Bei gutem Wetter werden über 30 Mann im Zwei-Schicht-System eingesetzt. Sind die Fußwege fertig, kommen auch die letzten Stahlgeländer an die Brücke. Einen Teil davon haben bayerische Monteure schon angebaut. Wenn das gesamte Geländer steht, kann es ausgerichtet und mit großen Schrauben endgültig befestigt werden. Zuvor werden in die Handläufe Stahlseile eingezogen. Schließlich sollen die Geländer so stabil sein, um den Anprall eines von der Fahrbahn abgekommenen Autos abzufangen.

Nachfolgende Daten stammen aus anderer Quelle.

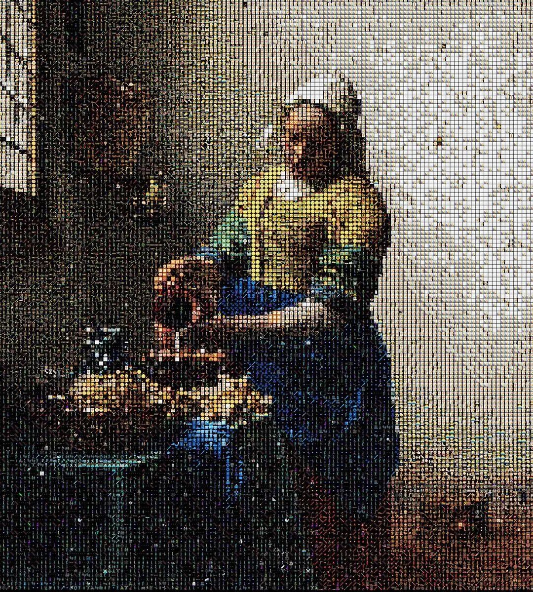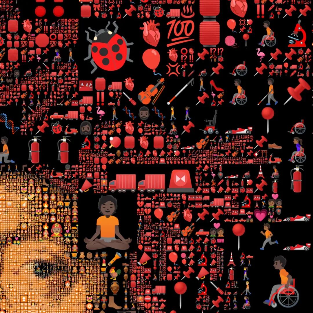 不要小看这些由表情符号组成的画作,虽说,它们是由表情符号组成,但是,这些画作并不缺少细节,像是人物的眼睛,设计师就使用了上百个表情符号将它们重现出来,把这些由表情符号组成的名画作品放大后,一个个表情符号也值得我们慢慢欣赏。艺术家在创作过程中,不断填充这些表情符号,耗费的时间与精力,也值得让人敬佩。
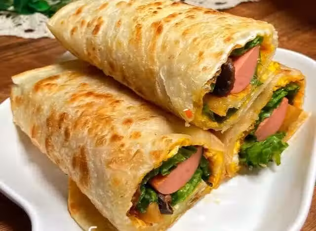 (5)再放上生菜和火腿腸,捲起來即可開吃了,做法簡單又省事孩子喜歡吃!
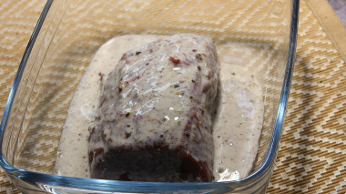 Поставьте мясо в предварительно разогретую до 160°С духовку и запекайте примерно 1 час. У меня ушло еще около 25 минут, так как я не обжаривала мясо перед запеканием. Можно развернуть говядину и снова поставить в духовку на 20 минут, чтобы получить поджаристую корочку. Но в таком случае очень легко пересушить мясо, особенно если сам кусок не очень толстый.
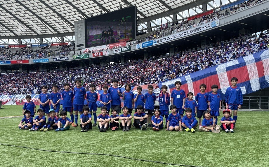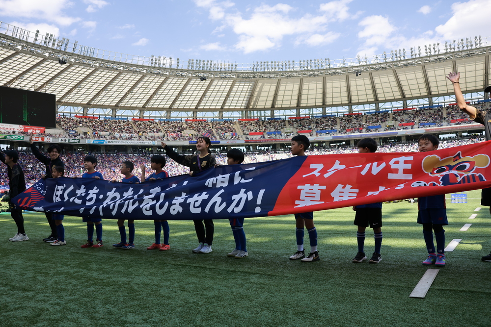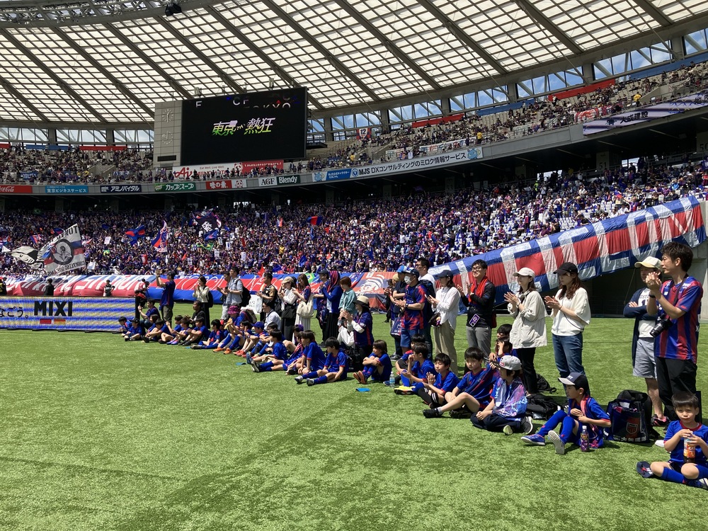 ハーフタイムにFC東京のスクールのバナーを持ってスクールのアピールをしました!
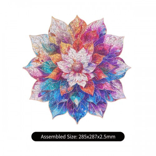 "Mistiskais mandalas zieds" ir koka puzles komplekts, kas izgatavots no īpašas formas gabaliņiem. Šī puzle ar piesātinātām krāsām un raksturīgu mandalas formu sniedz vizuālu baudījumu, un tās sarežģītais salikšanas process aizrauj puzļu cienītājus, jo tā kļūst par lielisku prāta vingrinājumu. Šī koka puzle var būt brīnišķīga dāvana sev vai saviem mīļajiem, un pēc salikšanas tā var kļūt arī par ekskluzīvu mājas dekoru.
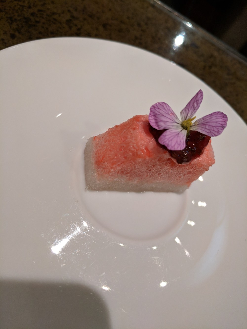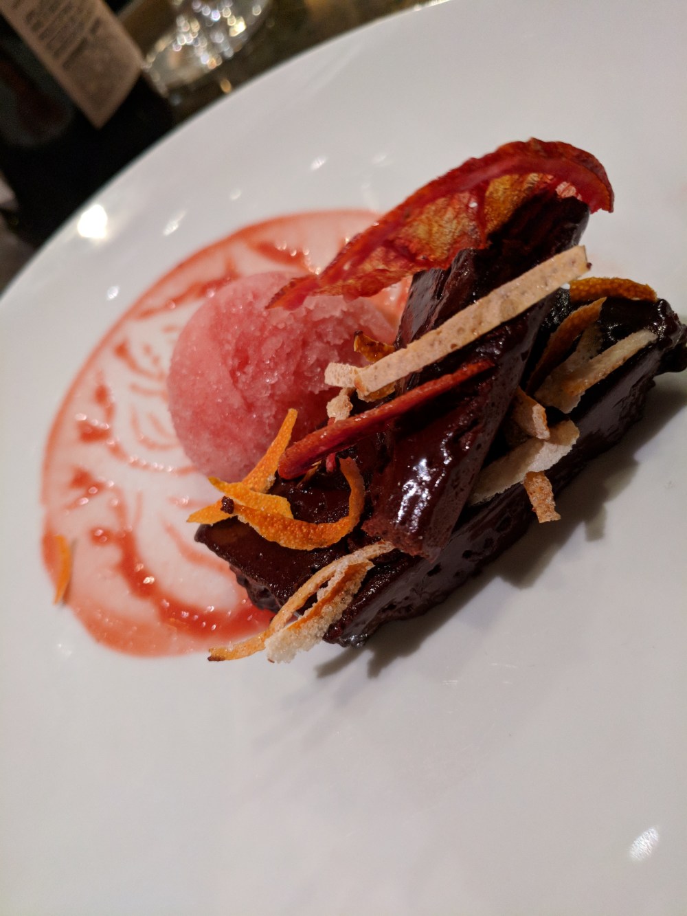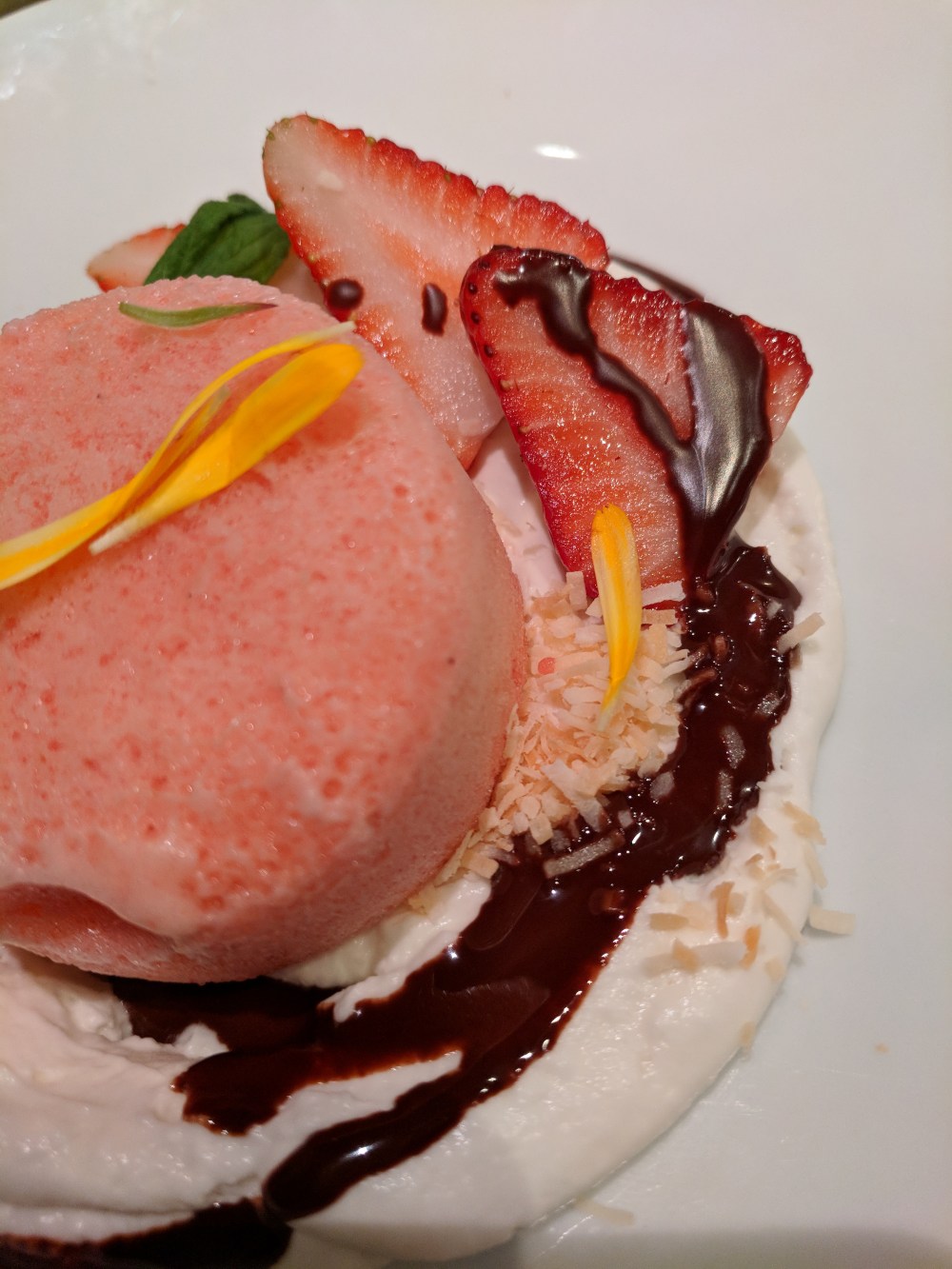 Oh, is it time to talk about dessert already? But I just want another order of fish! That’s not ice cream–oh no–it’s aerated sherbet in coconut mousse. And the chocolate sauce led to another dessert order: the actual chocolate cake.

Die Fahrbahndichtung: Bauleute

hoffen auf wärmere Temperatur

Im Oktober war auf der Altstädter Seite damit begonnen worden, den Straßenbau vorzubereiten. Auf einem etwa sieben Meter breiten Streifen trugen Spezialisten Epoxidharz auf die Fahrbahnplatte auf. Verlegt wurden darüber Bitumenschweißbahnen als Dichtung. Doch kurz vorm Brückenbogen war damit Schluss. Der Wintereinbruch stoppte diese Arbeiten.

„Damit wir weitermachen könne, müssen die Temperaturen dauerhaft über acht Grad sein“, nennt Projektleiter Wothe die Voraussetzung. Insgesamt müssen rund 16 000 Quadratmeter Dichtung aufgebracht werden. Das kann parallel zum Fußwegbau geschehen. Dafür sind vier Wochen nötig.

Der Straßenbau: Arbeiten dauern im Extremfall bis April

Sind die Fußwege fertig, kann der Straßenbau beginnen. Auch dafür sind Plusgrade nötig. Ein Deckenfertiger soll auf der insgesamt 14,5 Meter breiten Straße zwei Schichten Gussasphalt aufbringen. Zwei bis drei Wochen seien dafür nötig. „Wir bemühen uns, so schnell wie möglich fertig zu werden“, versichert der Projektleiter. Bei einem kalten Winter könnte jedoch drei Monate fast nichts auf der Baustelle getan werden. „Dann könnten sich diese Arbeiten bis April hinziehen“, kündigt er an.

Das Finale: Spätestens im Juni rollen Autos über die Brücke

„Wir können nur hoffen, dass es im Winter auch eine wärmere Periode gibt“, sagt Straßenbauamtschef Reinhard Koettnitz. Denn nach der Fertigstellung von Fußweg und Straße bleibt noch einiges zu tun. Das Tunnelsystem auf der Neustädter Seite ist zwar fertig. Die letzten Überprüfungen der Technik können aber erst ausgeführt werden, wenn auch alle Steuer- und Verbindungskabel zur Verkehrsleittechnik in die Rohre unter den Fußwegen eingezogen sind. Bei einem großen Test muss das Zusammenspiel aller Komponenten überprüft werden. Dann folgt ein Abnahmeprogramm. Dabei werden die Brandmeldeanlagen und die Tunnellüftung bei einem Brandversuch getestet. Auf der Brücke müssen dann unter anderem noch die LED-Fußwegbeleuchtungen an die Geländer montiert und die Blitzer aufgestellt werden. Zu einem konkreten Übergabetermin wollte sich Koettnitz nicht äußern. Fachleute schätzen ein, dass die Übergabe spätestens im Juni sein könnte.